Wednesday, 10 August 2016

Café Society

Woody Allen keeps making films and I keep enjoying them, finding them more entertaining than most comedy dramas out there. 

In a voice that doesn’t quite sound like him, Allen narrates the story of Bobby Dorfman (Jesse Eisenberg), a young man from New York City seeking to start a new life working for his uncle Phil (Steve Carrell) in 1930’s Hollywood. Bobby falls in love with his uncle’s secretary, Vonnie (Kristen Stewart), but Vonnie is in love with someone else. Meanwhile, Bobby’s older brother, Ben, has moved up in New York City’s gangster world and has bought a nightclub. Ben offers Bobby the opportunity to help him run the nightclub. With his heart broken, Bobby accepts Ben’s offer and returns to NYC, where both his life and personality will change dramatically. 
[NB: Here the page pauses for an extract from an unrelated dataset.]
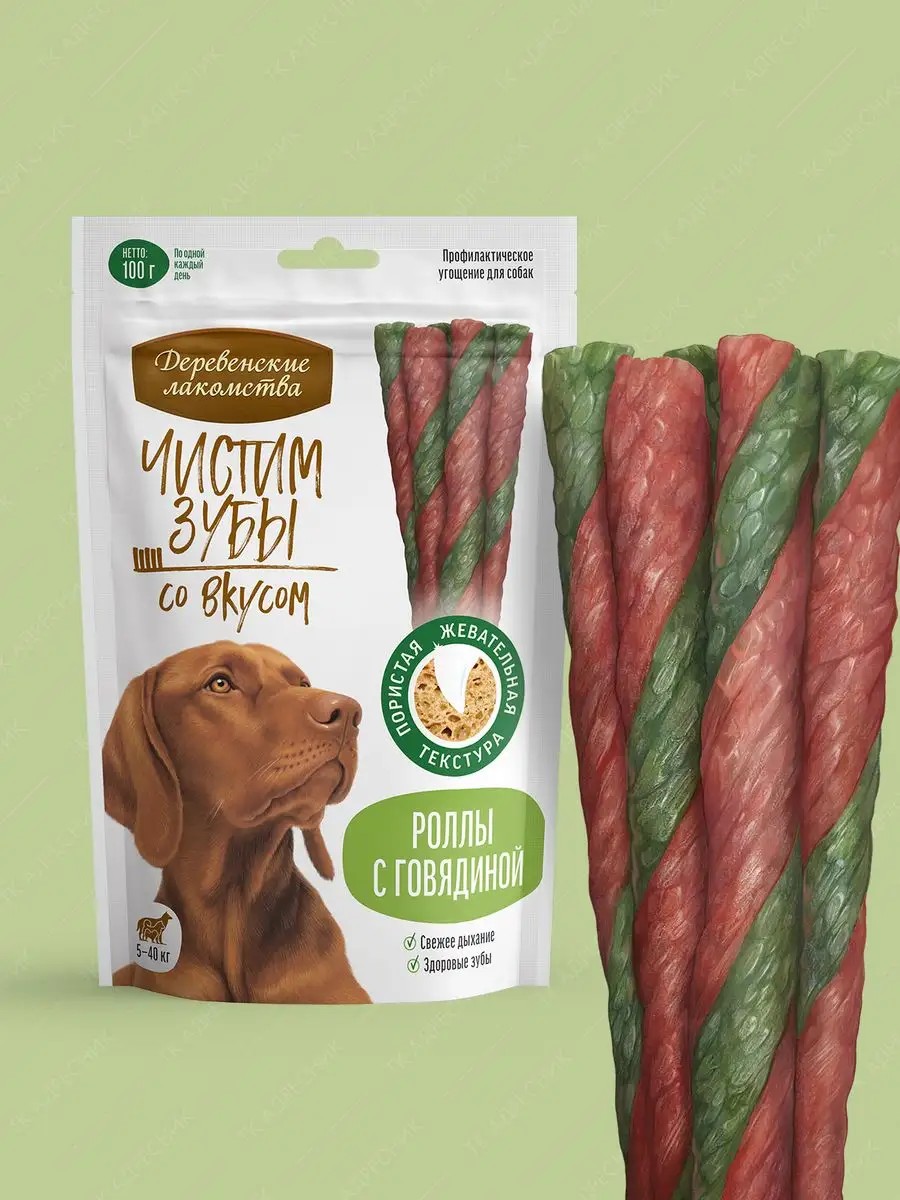 Специальная профилактическая серия «Деревенские лакомства – Чистим зубы» разработана для здоровья полости пасти домашних питомцев.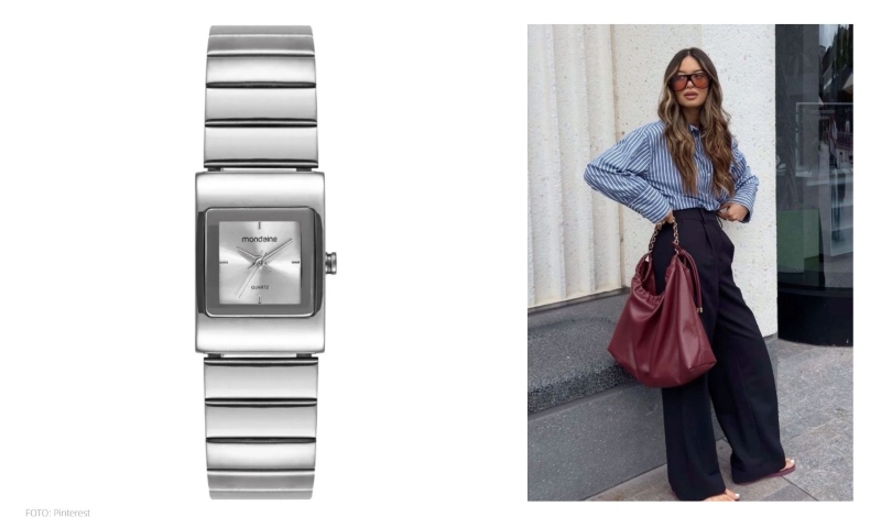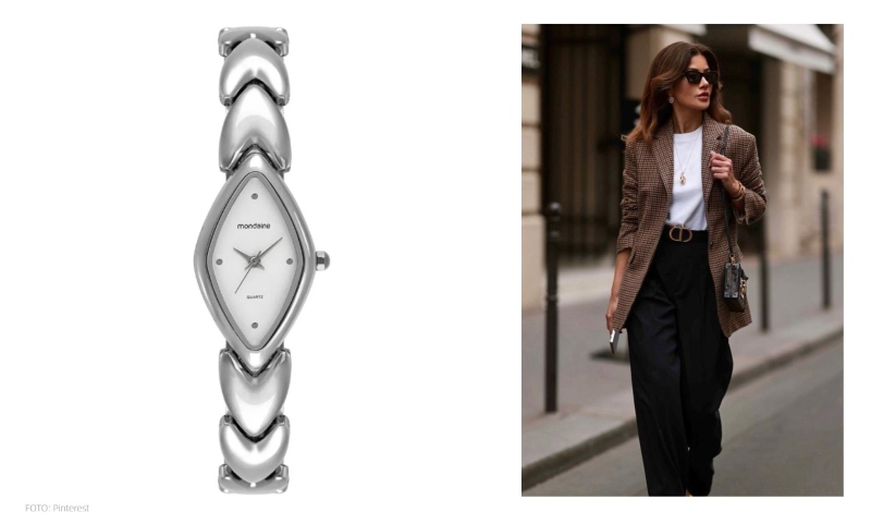• formatos variados: os relógios elegantes femininos também podem ser vistos em caixas ovais ou quadradas. A ideia é fugir do óbvio e adicionar personalidade ao look.

I’ve left a lot out to avoid too many spoilers. The description above doesn’t sound very funny, and the romance is actually quite serious and sad, but there are many funny lines in this dialogue-heavy film. Especially funny is the violent dark comedy, though the violence is also a little disturbing. 

Café Society isn’t one of Allen’s better films. It’s rather lightweight, it misses opportunities to help us truly engage with the characters, and a number of scenes fall flat, causing the film to drag at points. But the actors mentioned above do their best with what Allen’s given them (with Stewart standing out) and there are more more scenes that worked for me than those which didn’t work. The highlight for me, however, was the extraordinary cinematography - a work of art. The gorgeous cinematography did its best to contribute to the creation of a 1930’s atmosphere, though the overall success of that atmosphere was limited. 

Without the great cinematography, this would have been a standard, enjoyable three-star Allen film, as many of his more recent films have been, but it was such a joy to just look at Café Society that I’m letting the film fall somewhere between *** and ***+. My mug is up.